Background: The accurate diagnosis of latent tuberculosis infection (LTBI) is an important component of any tuberculosis control programme and depends largely on tuberculin skin testing. The appropriate interpretation of skin test results requires knowledge of the possible confounding factors such as previous BCG vaccination. Uncertainty about the effect of BCG vaccination on tuberculin skin testing and the strength with which recommendations are made to individual patients regarding treatment of LTBI have identified a need to analyse the available data on the effect of BCG on skin testing. A meta-analysis of the evidence for the effect of BCG vaccination on tuberculin skin testing in subjects without active tuberculosis was therefore performed.

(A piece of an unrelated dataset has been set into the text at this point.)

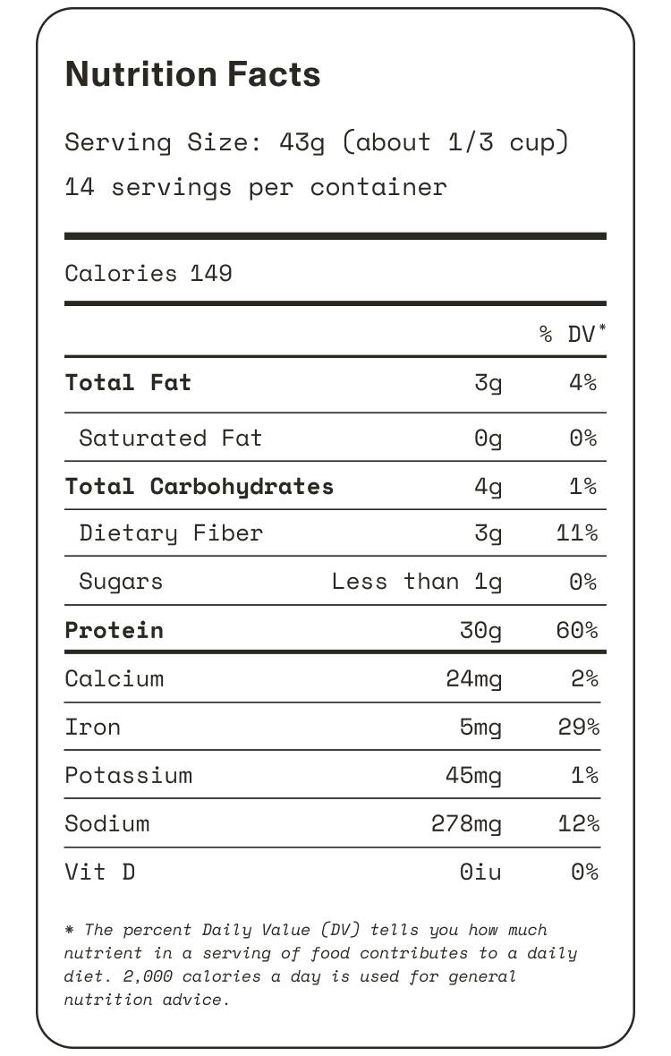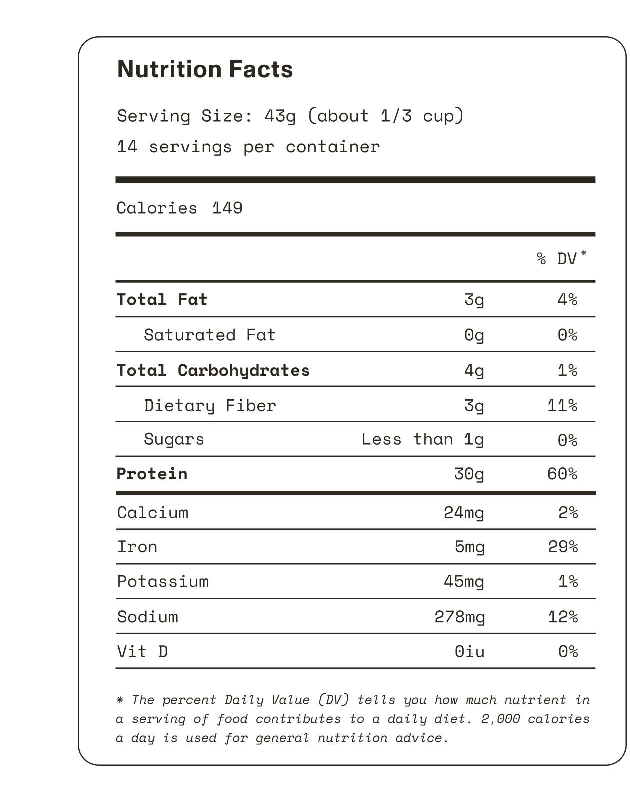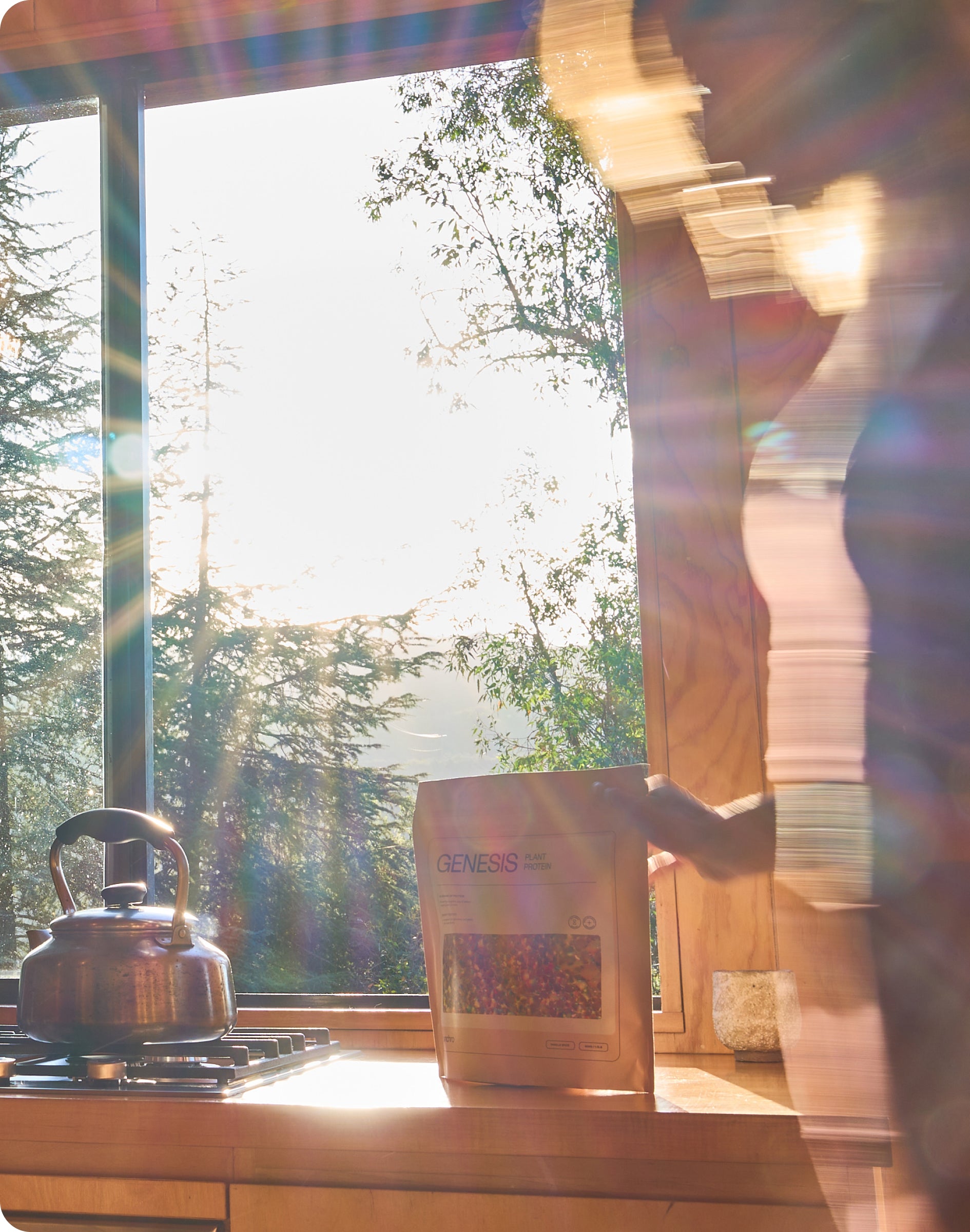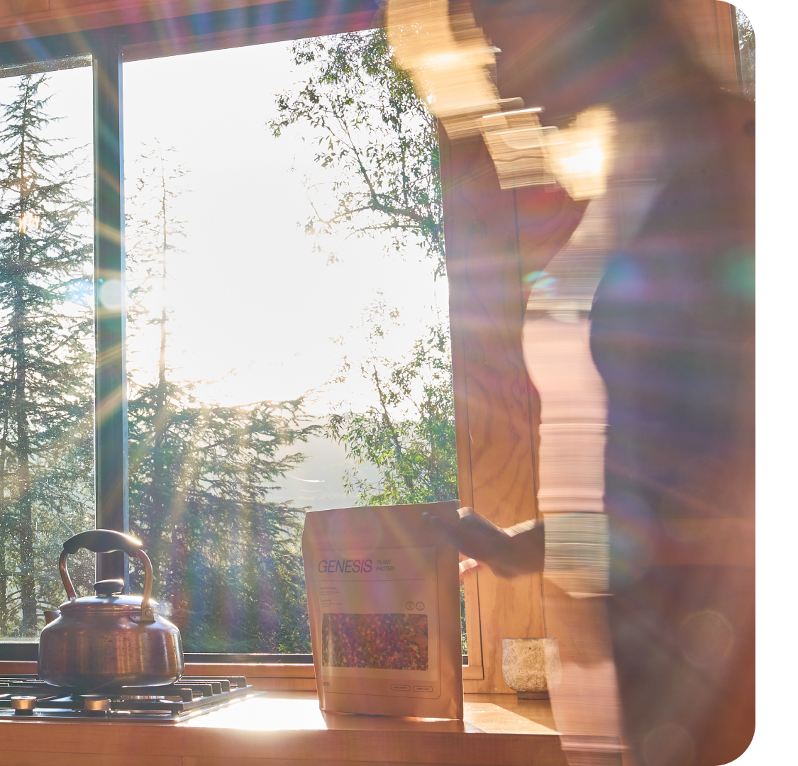 The plant protein blend in Genesis is highly digestible and formulated to provide an ideal amino acid profile. One serving of Genesis contains 30g of amino-complete plant protein.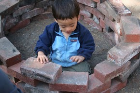 航晴もファイヤーピットのレンガで積み木遊びしてたっけ。

Methods: Medline was searched for English language articles published from 1966 to 1999 using the key words “BCG vaccine”, “tuberculin test/PPD”, and “skin testing”. Bibliographies of relevant articles were reviewed for additional studies that may have been missed in the Medline search. Articles were considered for inclusion in the meta-analysis if they had recorded tuberculin skin test results in subjects who had received BCG vaccination more than 5 years previously and had a concurrent control group. Only prospective studies were considered. The geographical location, number of participants, type of BCG vaccine used, type of tuberculin skin test performed, and the results of the tuberculin skin test were extracted.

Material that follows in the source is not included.